• What you are asked to do: Please write out exactly the line containing "Пульт HUAYU заменяет" below and every line after it, through the last one, but leave out any pictures.

• Saved data entries:
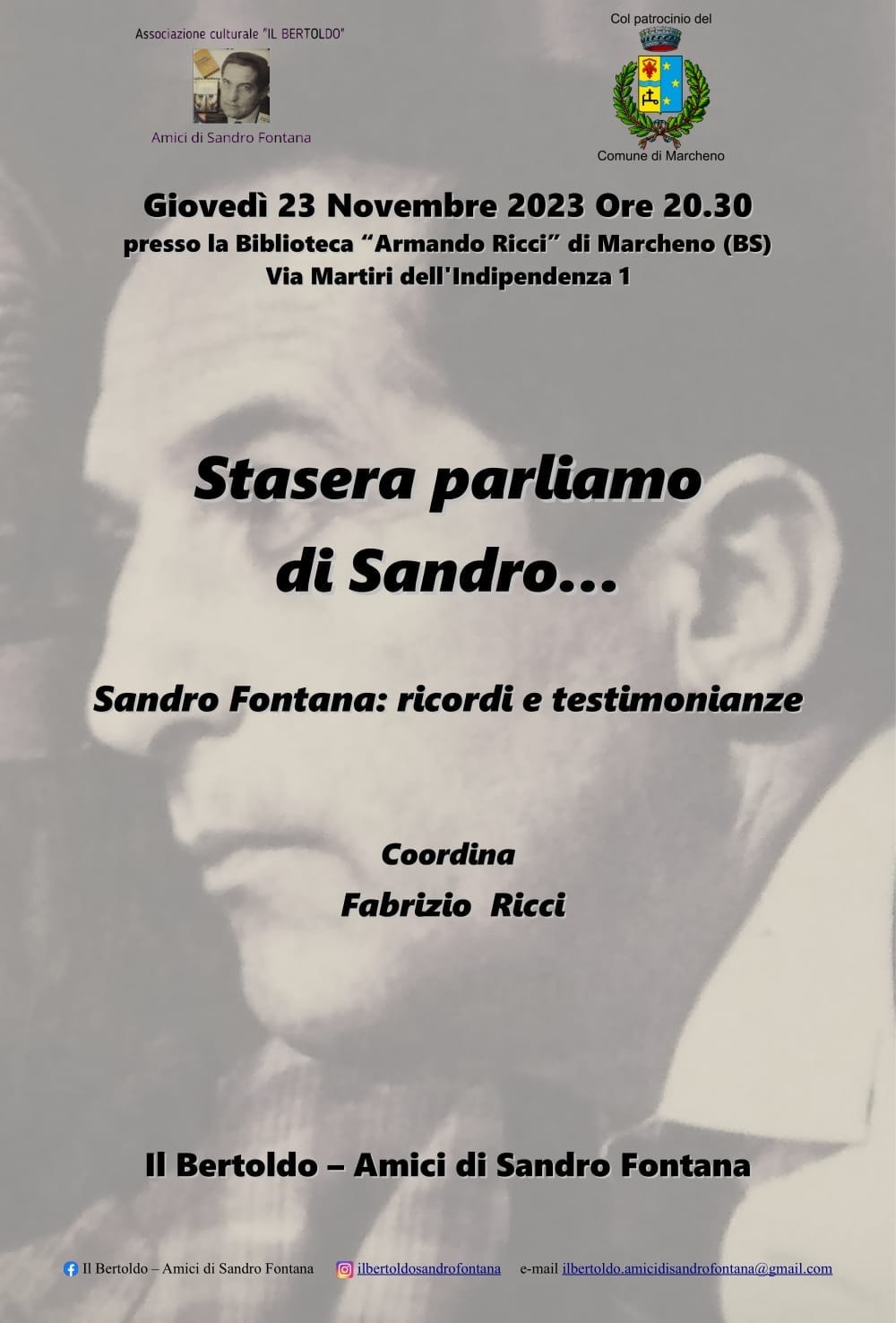 Giovedì 23 novembre 2023 alle ore 20.30, presso la Biblioteca Civica "Armando Ricci" si terrà un incontro in memoria di Sandro Fontana, con il coordinamento di Ricci Fabrizio. L'evento è patrocinato dal Comune di Marcheno.
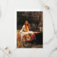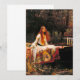 Card featuring John William Waterhouse’s oil painting The Lady of Shalott (1888). A beautiful woman in a white dress escapes on a boat from her fate to look at all the world through a mirror and weave a tapestry from it—but upon viewing Prince Lancelot, the curse follows the Lady of Shalott to her demise. Bright autumnal colours paint this tragic scene. A breathtaking gift for Arthuriana enthusiasts and Pre-Raphaelite collectors.
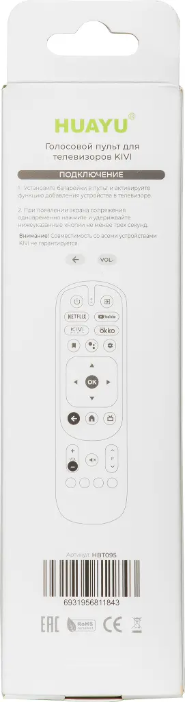Пульт HUAYU заменяет модели пультов в похожем корпусе для телевизоров бренда KIVI
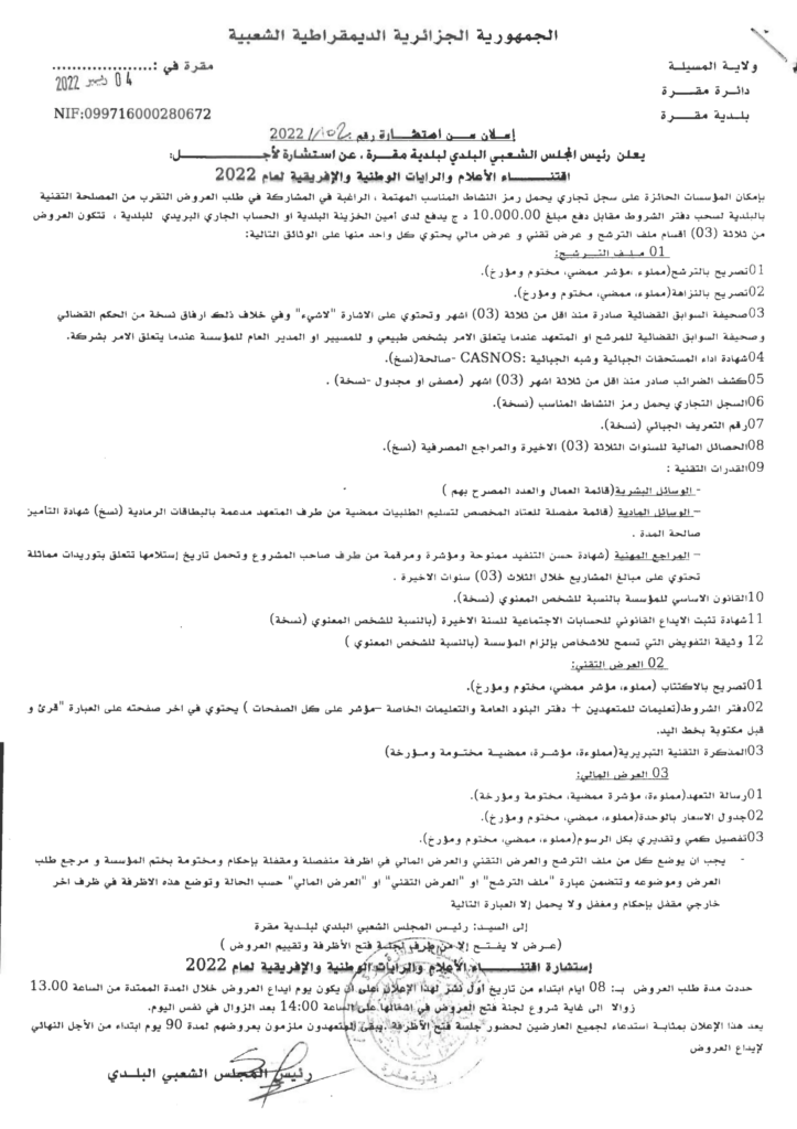 استشارة لأجل: إقتناء الأعلام والرايات الوطنية والإفريقية لسنة 20227 ديسمبر، 20220 15 شاركها فيسبوك X مشاركة عبر البريد طباعة
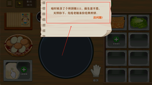 1游戏开始就能直接进入煎饼制作的摊位界面,通过点击或滑动屏幕来完成面糊摊开、打入鸡蛋、添加配料等操作,根据顾客的具体需求迅速完成对应的订单。
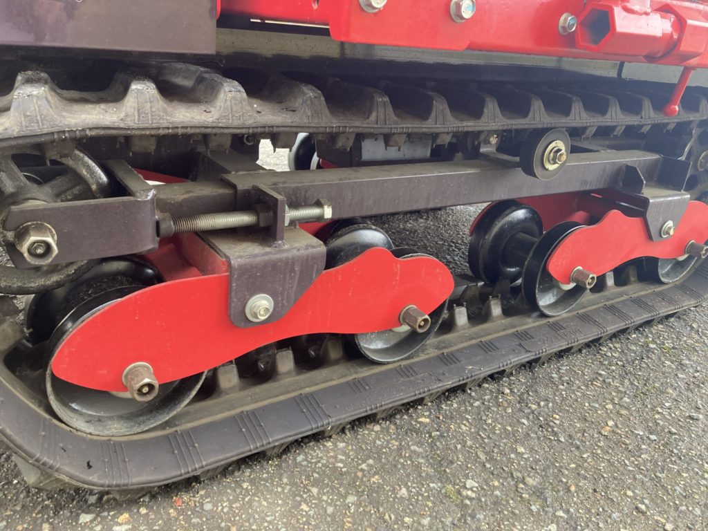 こちらの運搬車の一番の特徴であります、新開発のウイング転輪機構「天城越え」を採用、さらに前ミッションにする事により、前後のバランスが良く(ミッションが前、エンジンが後ろ)、空荷での斜面走行や段差乗り越えも安全走行。

• Response box:
Пульт HUAYU заменяет модели пультов в похожем корпусе для телевизоров бренда KIVI
 استشارة لأجل: إقتناء الأعلام والرايات الوطنية والإفريقية لسنة 20227 ديسمبر، 20220 15 شاركها فيسبوك X مشاركة عبر البريد طباعة
 1游戏开始就能直接进入煎饼制作的摊位界面,通过点击或滑动屏幕来完成面糊摊开、打入鸡蛋、添加配料等操作,根据顾客的具体需求迅速完成对应的订单。
 こちらの運搬車の一番の特徴であります、新開発のウイング転輪機構「天城越え」を採用、さらに前ミッションにする事により、前後のバランスが良く(ミッションが前、エンジンが後ろ)、空荷での斜面走行や段差乗り越えも安全走行。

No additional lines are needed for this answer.